### WHAT IS BEING ASKED
There are pictures in the records below; leave them out and set down exactly the lines from the one holding "Dins: Máscara Real" through the one holding "Ngôi nhà mộng".

### ENTRIES SUPPLIED
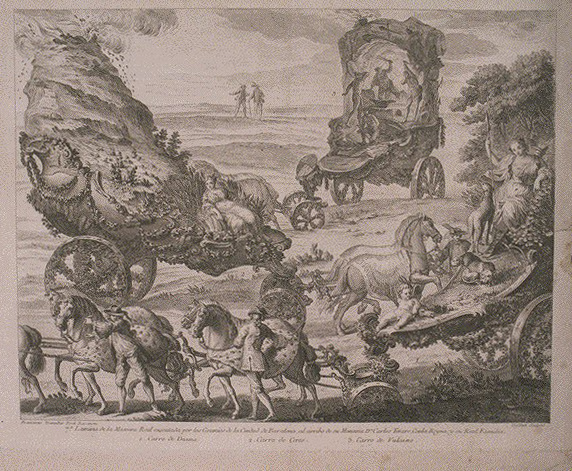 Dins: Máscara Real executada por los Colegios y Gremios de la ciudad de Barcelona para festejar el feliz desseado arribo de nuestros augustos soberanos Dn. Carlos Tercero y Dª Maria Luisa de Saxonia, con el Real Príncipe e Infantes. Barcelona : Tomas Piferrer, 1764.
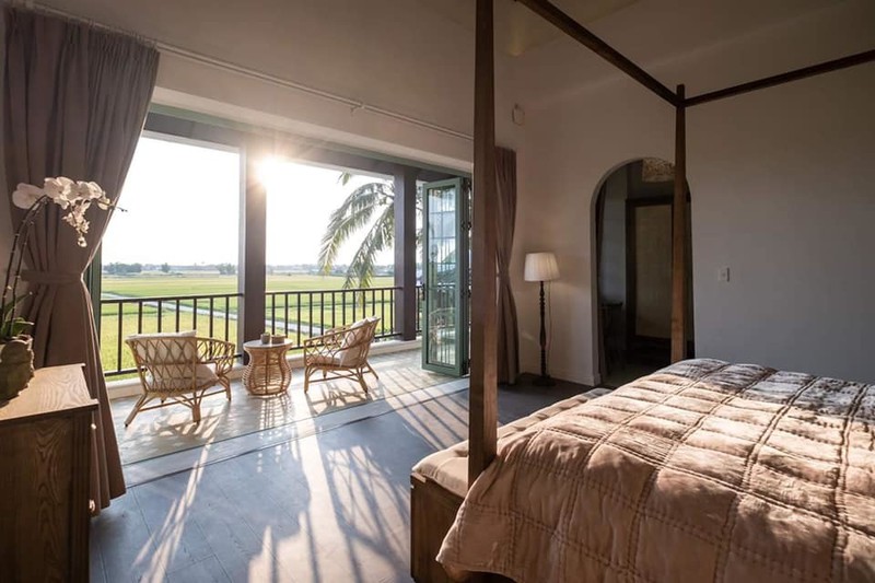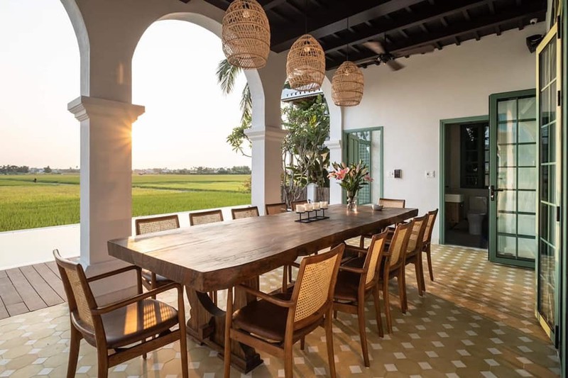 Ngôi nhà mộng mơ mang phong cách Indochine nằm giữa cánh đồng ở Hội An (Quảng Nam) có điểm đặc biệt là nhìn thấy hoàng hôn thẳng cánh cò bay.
...
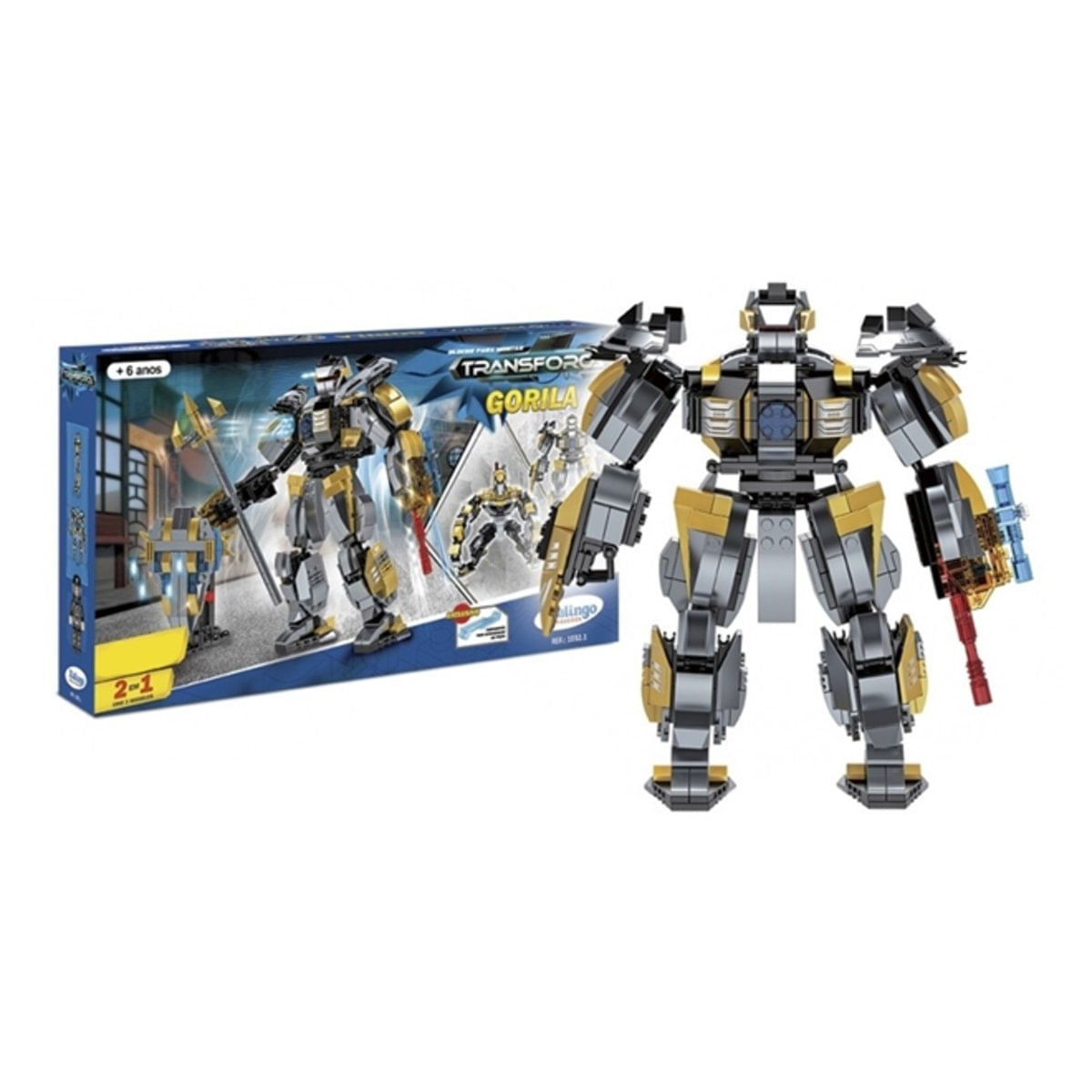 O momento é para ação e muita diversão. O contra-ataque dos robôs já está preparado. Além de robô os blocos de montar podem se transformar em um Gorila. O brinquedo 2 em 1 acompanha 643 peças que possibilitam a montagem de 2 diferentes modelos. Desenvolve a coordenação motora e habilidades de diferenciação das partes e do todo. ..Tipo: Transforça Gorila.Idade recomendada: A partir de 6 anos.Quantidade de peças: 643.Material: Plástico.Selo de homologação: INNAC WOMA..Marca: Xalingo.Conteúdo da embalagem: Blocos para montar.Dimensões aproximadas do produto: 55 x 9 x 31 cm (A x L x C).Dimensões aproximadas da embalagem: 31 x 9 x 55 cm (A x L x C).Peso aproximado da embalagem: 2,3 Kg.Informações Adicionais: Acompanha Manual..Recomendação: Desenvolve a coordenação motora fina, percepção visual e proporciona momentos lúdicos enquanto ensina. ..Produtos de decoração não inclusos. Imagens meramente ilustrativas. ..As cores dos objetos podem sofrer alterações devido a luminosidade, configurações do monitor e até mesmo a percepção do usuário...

### ANSWER SPACE
 Dins: Máscara Real executada por los Colegios y Gremios de la ciudad de Barcelona para festejar el feliz desseado arribo de nuestros augustos soberanos Dn. Carlos Tercero y Dª Maria Luisa de Saxonia, con el Real Príncipe e Infantes. Barcelona : Tomas Piferrer, 1764.
 Ngôi nhà mộng mơ mang phong cách Indochine nằm giữa cánh đồng ở Hội An (Quảng Nam) có điểm đặc biệt là nhìn thấy hoàng hôn thẳng cánh cò bay.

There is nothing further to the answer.